Tuesday, April 13, 2010

P.T.D.D.

On Tuesday April 6, 2010, my little princess attended daycare for the first time. I woke up feeling a bit nauseated b/c this was the first time someone I didn't know was going to care for my child (let me tell you, it really puts an emtpy feeling in your stomach). I really thought hard about skipping my CPR recertification class that I had just so she wouldn't have to go, BUT in reality there was no possible way I could skip it. I continued with mine and Halle's getting ready routine, we have it down to a "T" now. I loaded her up and headed out!


We arrived at daycare 25 minutes prior to when I was supposed to, I thought that I would hang around in her classroom until she was ok with me to leave. She's usually been so good around other kids. She always loves to watch them and play with them. Somehow this time, she knew that it was different. She was clinging to me and crying when I put her down. The teacher said it was probably better if I didn't hang around long so Halle could get used to things. I left my girl sitting in her little chair at the table crying for me. It was by far the hardest thing I have ever done. I stepped out, closed the door, and started crying. There was nothing I could do. I had to go to my class and I had no one to watch her besides the daycare.

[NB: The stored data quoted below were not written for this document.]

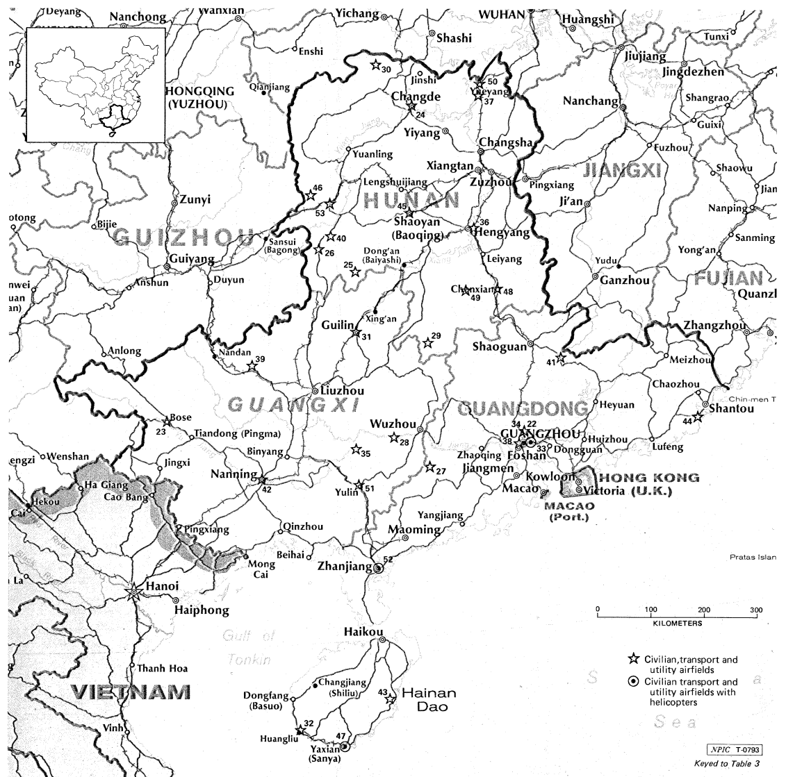
FIGURE 2. LOCATIONS OF CIVIL, UTILITY, AND HELICOPTER AIRFIELDS IN CHINA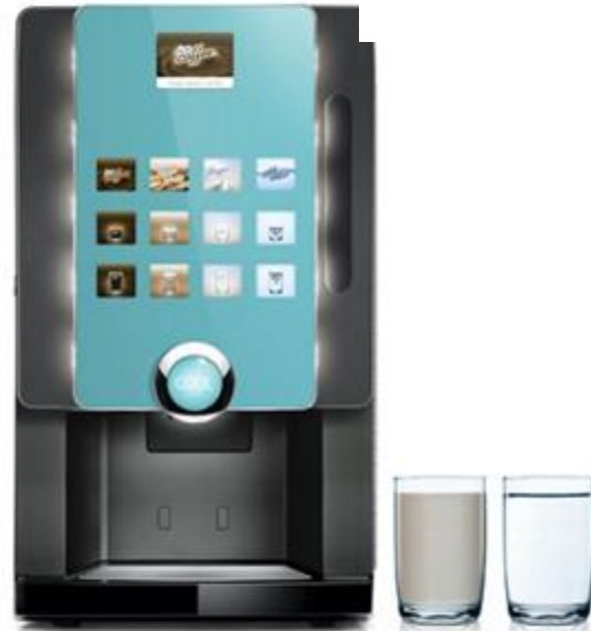
rhea COOL MIX purified water + instant powders summertime drinks 3,5" color display 3 canisters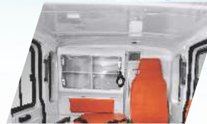
Patient Compartment Roof Paneling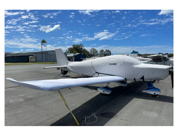
Sling 4 TSi Complete Cover Set

To my surprise, time flew by and I was back at daycare within a couple of hours to pick up my girl. The teachers were excellent with her. They wrote down everything she did, under the "mood" section they put "a little upset", which was probably putting it lightly. They said that she played, then cried for a minute, then played, cried, ate, cried... you get the point.

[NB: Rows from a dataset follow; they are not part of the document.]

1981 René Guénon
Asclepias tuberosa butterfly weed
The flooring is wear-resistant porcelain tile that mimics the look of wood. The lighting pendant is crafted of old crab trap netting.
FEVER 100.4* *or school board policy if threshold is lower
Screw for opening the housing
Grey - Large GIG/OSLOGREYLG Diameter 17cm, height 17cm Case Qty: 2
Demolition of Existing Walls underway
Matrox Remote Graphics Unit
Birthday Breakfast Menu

Now we are dealing with a whole different issue... seperation anxiety, which I think was caused from what I like to call P.T.D.D. a.k.a. post tramatic daycare disorder. She screams when I leave the room, she screams when I try to put her down to do anything, she screams when I'm sitting on the couch and shes not (which results in me sitting on the floor with her in my lap), she screams when the neighbor brings her kid over to play thinking I'm going to leave her with them... it's just a whole list of things that gets longer everyday. She doesn't play much with her toys anymore b/c she has to be sitting in my lap or rolling around on me or something that has to do with her touching me to know I'm there. I'm really hoping that this phase ends SOON!

P.S. I was going to post pics of Halle's 1st daycare day, but blogger is being difficult an won't let me upload any!

1 comment:

  1. I like the P.T.D.D. that you came up with! I haven't had to leave Emma in daycare yet, but I guess I've had to go through what you could call a similar situation, leaving her in Alabama. It's hard for her AND for me!

    Halle sounds like such a Mommy's Girl :). Can't wait to see new pictures of her!